Il y a autre chose qu'un parfum de sagesse antique. Nous sommes au coeur de ce qu'est la philosophie, du chox de ce qu'est une vie, n'est-ce pas ?
Je ne me sens pas en mesure de déterminer ce qui est au coeur de la philosophie ; en revanche le lien que vous faites entre le perfectionnisme et la vertu gréco-romaine m'amène à la question suivante : est-ce légitime d' utiliser le concept de perfectionnisme pour caractériser les philosophies grecques comme l'épicurisme, le stoïcisme, le scepticisme ?
Je note que la pensée d'Obama se réfère à Dieu même si l'idée que l'Amérique est près de Dieu semble remplacée par celle qu'elle en est encore loin, d'où cette référence humble au besoin de perfectionnement (est-ce d'ailleurs justifié d'exclure la dimension téléologique ? Que la liberté de l'homme soit patente n'enlève pas l'idée que les fins humaines ne sont pas pensables dans l'immanence mais par référence à une transcendance qui fixe aux peuples et aux hommes des buts. )
1) absence de référence à un Dieu personnel et créateur.
2) indépendance et auto-suffisance de la philosophie.
3 ) absence de référence à une collectivité (ici l'Amérique) à laquelle on se réfère autant en termes d'origine (les fondateurs, la Constitution), de devenir (que sommes-nous donc devenus ?) et de fin (où devons-nous aller ?). Les sagesses hellénistiques visent une fin individuelle (sans préjuger des rapports que l'individu qui cherche à être sage devra entretenir avec les autres)
4) absence de prise en compte d'un temps excédant la durée de la vie humaine (en revanche penser l'histoire de l'Amérique en termes de progrès possible dans une évolution de longue durée se rattache partiellement à la philosophie des Lumières, entre autres à Kant qui pense le progrès historique comme possible mais non nécessaire cf par exemple l'opuscule "Idée d'une histoire universelle d'un point de vue cosmopolitique" )

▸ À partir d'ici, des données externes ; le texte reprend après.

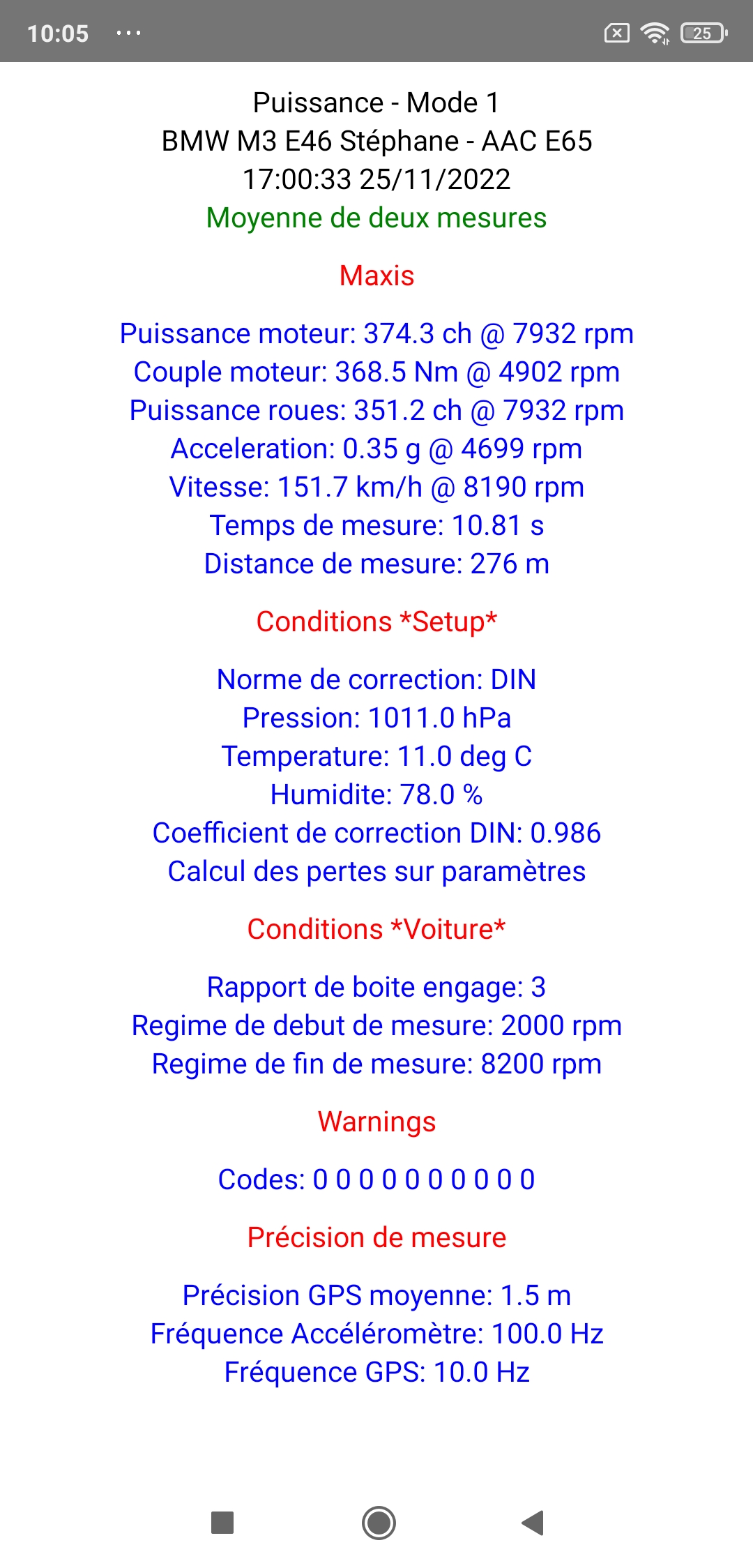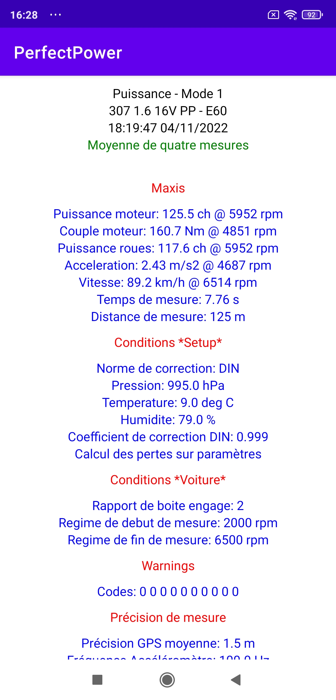 PerfectPower: Version Androïd 6.1.4 (new version) + RaceBox Mini (25 Hz)

La sagesse antique a donc un parfum complexe, pour reprendre votre image.
- Un moment pré-chrétien
- Un moment chrétien (et post-chrétien)
Cavell, à mon avis, a choisi à dessein le terme de "perfectionnisme" pour unir ces deux moments (Dans la liste des auteurs perfectionnistes, il y aussi bien Aristote [L'éthique à Nicomaque] que Matthew Arnold.)
Là j'ai l'impression de me relier à l'inspiration la plus antique de la philosophie.
2) La philosophie comme éducation est une expression trop vague. S'il s'agit de l'éducation dogmatique transmise dans les écoles épicurienne, stoïcienne, même sceptique (!) etc, c'est clair qu'on a fait trop de chemin pour y revenir. S'il s'agit de l'éducation non comme transmission de doctrines mais comme apprentissage de la clarification conceptuelle, afin que chacun ait entre autres l'idée la plus précise et la plus exacte possible des différends doctrinaux et choisisse ce qui lui convient en connaissance de cause, oui alors. Mais cela suppose que les doctrines philosophiques ne sont pas scientifiques, car on ne choisit pas ce qui nous convient dans les sciences. Si sur un problème philosophique donné une argumentation philosophique est absolument contraignante, on peut se demander si on n'a pas alors retranché un problème de l'ensemble des problèmes philosophiques. On peut penser qu'il y a des problèmes qui sont irréductiblement philosophiques et que d'autres le sont jusqu'à plus ample informé.